Pennsylvanians have been bombarded with political messages for months and hounded by social media to register to vote. You’ve been marketed to by businesses offering incentives to registered voters and have been witness to heated political debates no matter what screen or device you’re looking at. All of this makes it seem like Election Day, and the candidates who are up for election, are common knowledge to everyone at this point.
It would be a grave error to make this assumption. For Latino and nonwhite communities, these messages, for the most part, don’t hit our wavelength. We don’t have the same access to technology and resources to view these messages or do research on candidates, and even if we did, rarely is the information in a language we understand or in words that resonate with us.

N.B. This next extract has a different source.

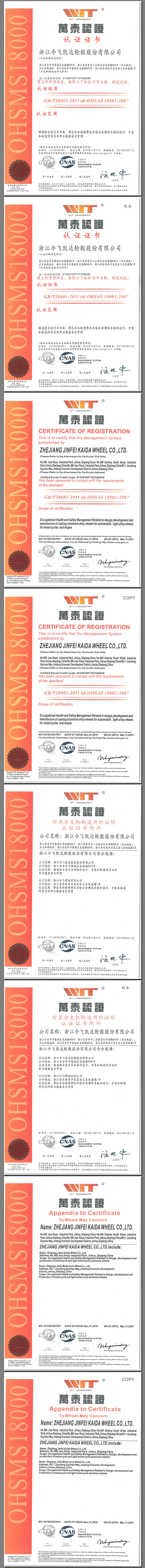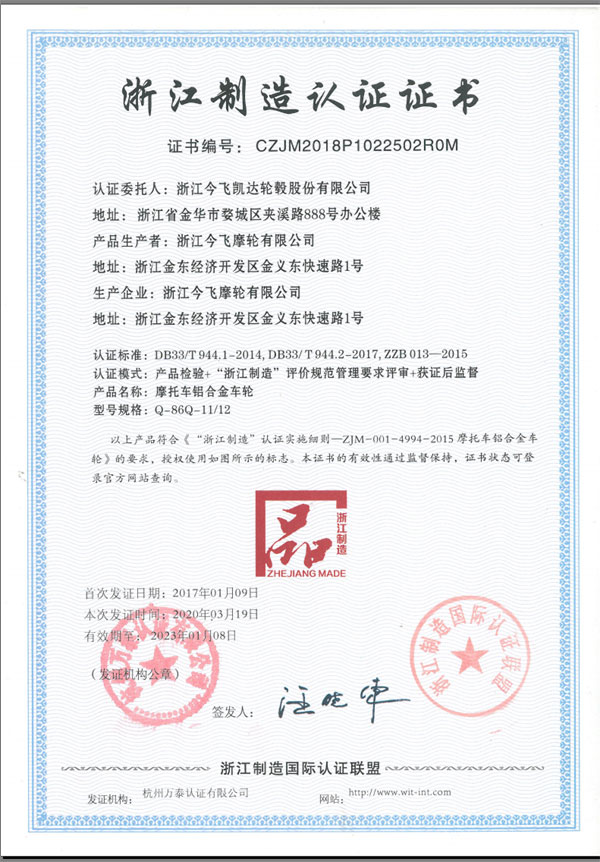 公司明確提出 “追求產(chǎn)品零缺陷,優(yōu)化服務(wù)創(chuàng)品牌”的質(zhì)量方針,在生產(chǎn)各工序、環(huán)節(jié)建立了嚴(yán)格的質(zhì)量控制體系,1998年公司就通過了IS09001質(zhì)量體系認(rèn)證,2004年通過了QS-9000、ISO/TS16949質(zhì)量保證體系審核,又先后通過了美國SFI、日本VIA實(shí)驗(yàn)室認(rèn)證、德國TUV認(rèn)證,并通過了北京奔馳、一汽夏利、昌河鈴木、豪爵鈴木、錢江集團(tuán)、新大洲本田等公司的第二方審核和美國戴姆勒-克萊斯勒、美國哈雷、意大利比亞喬等國際整車廠商的考評。于2007年4月獲得環(huán)境管理體系認(rèn)證證書。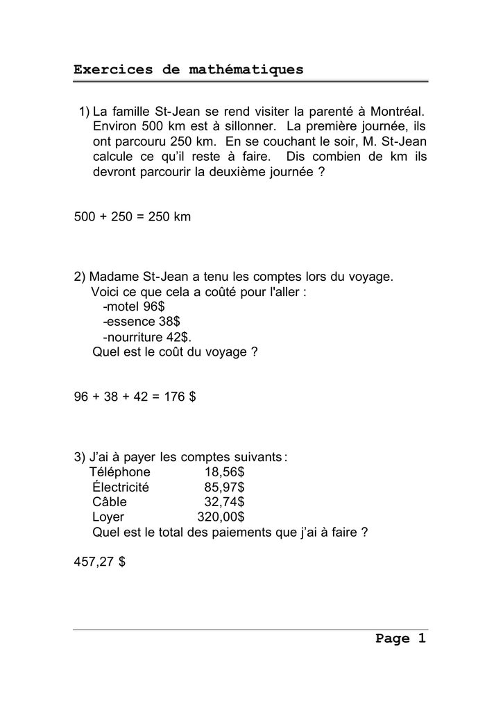 Exercices de mathématiques 1) La famille St-Jean se rend visiter la parenté à Montréal. Environ 500 km est à sillonner. La première journée, ils ont parcouru 250 km. En se couchant le soir, M. St-Jean calcule ce qu’il reste à faire. Dis combien de km ils devront parcourir la deuxième journée ? 500 + 250 = 250 km 2) Madame St-Jean a tenu les comptes lors du voyage. Voici ce que cela a coûté pour l'aller : -motel 96$ -essence 38$ -nourriture 42$. Quel est le coût du voyage ? 96 + 38 + 42 = 176 $ 3) J’ai à payer les comptes suivants : Téléphone 18,56$ Électricité 85,97$ Câble 32,74$ Loyer 320,00$ Quel est le total des paiements que j’ai à faire ? 457,27 $ Page 1 Exercices de mathématiques 4) Combien me coûtera la décoration de ma chambre si je dois acheter : 1 gallon de peinture 26,97$ 1 couvre-lit 48,88$ 1 store 9,75$ 1 tapis 17,24$ 102,84 $ 5) Tu achètes un disque, une cassette et un livre de musique lors d’une vente-réclame. Le disque vaut 6,98$, la cassette 4,89$ et le livre 4,25$. La facture s’élève à 26,12$. Crois-tu que tu devrais la vérifier ? Oui. 16,12 $ 6) Karine désire s’acheter une robe qui coûte 86,24$ (avec les taxes). Elle donne un acompte de 9,75$. Combien doit -elle verser pour avoir sa robe? 76,49 $ Page 2 Exercices de mathématiques 7) Chaque semaine, Véronique gagne 293.65$ Mais à ce montant, on retire 27,69$ pour l’impôt, 5,72$ pour le syndicat et 24,72$ pour les autres déductions. Quel est le montant du chèque de paie de Véronique ? 235,52 $ 8) Combien d’argent Simon avait-il dans ses poches au début de la soirée ? Actuellement, il lui reste 17,68$ et il a payé son entrée au cinéma 8,00$ et s’est acheté un sac de maïs soufflé 2,79$. 28,47 $ 9) Un avion peut transporter 432 passagers. Hier, il n’y en avait que 243 à bord. Combien de places étaient libres ? 189 places Page 3 Exercices de mathématiques 10) Rémi a emprunté 22,25$ à un ami. La semaine dernière, il lui a remboursé 7,55$, et hier autant. Combien doit-il encore à son ami ? 7,15 $ 11) Mon père a 69 ans et il reçoit une pension de 725,39$ par mois. Ma mère a 64 ans et elle reçoit 814,75$. Combien d’argent l’un de mes parents reçoit-il de plus que l’autre ? 89,36 $ 12) Un cultivateur a vendu 385 kg de patates, 78 kg de navets, 269 kg de carottes et 57 kg d’oignons. Combien de kilogrammes de légumes a-t-il vendus ? 789 kg Page 4 Exercices de mathématiques 13) Le camion postal transportait 96 sacs de courrier. La conductrice a laissé 42 sacs dans la salle de tri. Combien de sacs reste-t-il dans le camion ? 54 sacs 14) Le facteur distribue 764 lettres sur la rue Roy et 387 lettres sur la rue Gagné. Combien de lettres a-t-il distribuées de plus sur la rue Roy ? 431 lettres 15) Il est arrivé 126 sacs de courrier par avion, 513 sacs par train et 72 sacs par autobus. Combien cela fait-il de sacs de courrier ? 711 sacs Page 5 Exercices de mathématiques 16) Un commis a vendu 313 timbres, puis 51 timbres et enfin 68 timbres. Combien de timbres a-t-il vendus ? 432 timbres 17) Karine a mis 72 lettres à la poste, Pédro 13 lettres et Maria, 31 lettres. Combien de lettres les trois amis ont ils mises à la poste ? 116 lettres 18) Dans le port, il y a 5 cargos, 12 bateaux de pêche, 28 voiliers et 7 hors-bords. Combien de bateaux y a-t-il en tout ? 52 bateaux Page 6 Exercices de mathématiques 19) Je désire vendre ma maison. Je l’ai payée 53 500$. Je voudrais faire un profit de 5 450$ car je prévois acheter une auto de 8 750$. Quel doit être le prix de vente de ma maison ? 58 950 $ 20) Paul a pêché 64 kg de poissons et Vincent en a pêché 39 kg. Combien de kg de poissons Paul a-t-il pêchés de plus ? Combien de kg de poissons ont-ils pêchés ensemble ? 25 kg 103 kg 21) Un des bateaux de pêche mesure 25 mètres et un des voiliers mesure 8 mètres. Combien de mètres le bateau de pêche mesure-t-il de plus ? 17 m Page 7 Exercices de mathématiques 22) Pour me rendre à Gatineau, je dois parcourir 638 km. J’ai roulé pendant 418 km. Combien me reste-il de kilomètres à faire ? 220 km 23) Gaétan a ramassé 26 coquillages, Ludovic en a ramassé 45 et Nadia 23. Combien de coquillages ont ils ramassés en tout ? 94 coquillages 24) Sur la plage, il y a 39 hommes, 41 femmes et 23 enfants. Combien de personnes y a-t-il en tout ? 103 personnes Page 8 Exercices de mathématiques 25) Pour construire une tour, Gino a besoin de 523 bâton nets. Il en a déjà 317. Combien lui en manque-t-il ? 206 bâtonnets 26) Au bar laitier, Pauline achète 3 dizaines de sucettes glacées et une demi-douzaine de cornets. Combien de douceurs Pauline a-t-elle données à ses élèves ? 36 douceurs 27) En jouant aux sacs de sable, Sylvie a compté 145 points le premier tour, 190 le deuxième tour et 215 au troisième tour. Combien a-t-elle compté de points en tout ? 550 points Page 9 Exercices de mathématiques 28) Un gros bateau de pêche entre au port avec 1 583 beaux poissons. Le propriétaire en livre 1 237 à l’usine de poissons. Combien en garde-t-il pour lui ? 346 poissons 29) À l’église St-Joseph, je compte 594 bancs alors qu’à l’église St-Pierre, on en compte 312. Quelle église compte le plus de bancs et de combien ? L’église St -Joseph 282 bancs 30) Dans son sac, Hélène compte 78 patates. Le sac à Odette en compte 83 et celui de Johanne en a 69. Combien ont-elles de patates ensemble ? 230 patates Page 10

Too often this divide becomes the reason why the voice of our minority communities is underrepresented in presidential elections, because the lack of inclusive resources is discouraging enough to not cast a ballot. Whether this divide is real or perceived, it exists and it stands to profoundly impact this election.

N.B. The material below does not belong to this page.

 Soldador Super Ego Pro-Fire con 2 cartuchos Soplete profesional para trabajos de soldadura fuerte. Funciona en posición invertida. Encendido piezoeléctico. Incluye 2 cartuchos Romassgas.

My message to Latino and non-white voters is this — you need to cast your ballot on or before Nov. 3. It has always been your civic duty, but this year like never before, it is your obligation to play a vital role in your nation’s history. If you let Election Day come and go without so much as mailing in a ballot or showing up at your polling place, you have let down generations to come. You will have to see newspaper headlines you don’t agree with and history books reflect a reality you wish you would have done your part to change.
Here’s a hard truth, the presidential candidate that spends the most money on his campaign this election will be the one to win. If you don’t like this truth, then don’t let ad dollars determine your next president. Let it be your voice and your vote.
Another hard truth — you may not love either candidate this election cycle. And you don’t have to. You don’t have to approve of everything about a candidate, and you most likely never will. But you must sort through the facts, do your research, and make an educated decision based upon the candidate that best aligns with the issues that are most important to you and your family.
This Election Day, the choice is yours. That’s what makes America the land of the free. If it’s backed by your belief, your vote can never be wrong. The only thing that is wrong is choosing to not honor an essential American right, which is to vote.
Speaking to everyone, Election Day is that one rare occasion when each of our voices count equally. That is what makes Nov. 3 so important. In a society where it can feel like the person who speaks the longest or the loudest wins, that all comes to a halt for Election Day.
So how can you play your part in this historic moment? Do your research, seek answers, make a decision, and most importantly, get out the vote.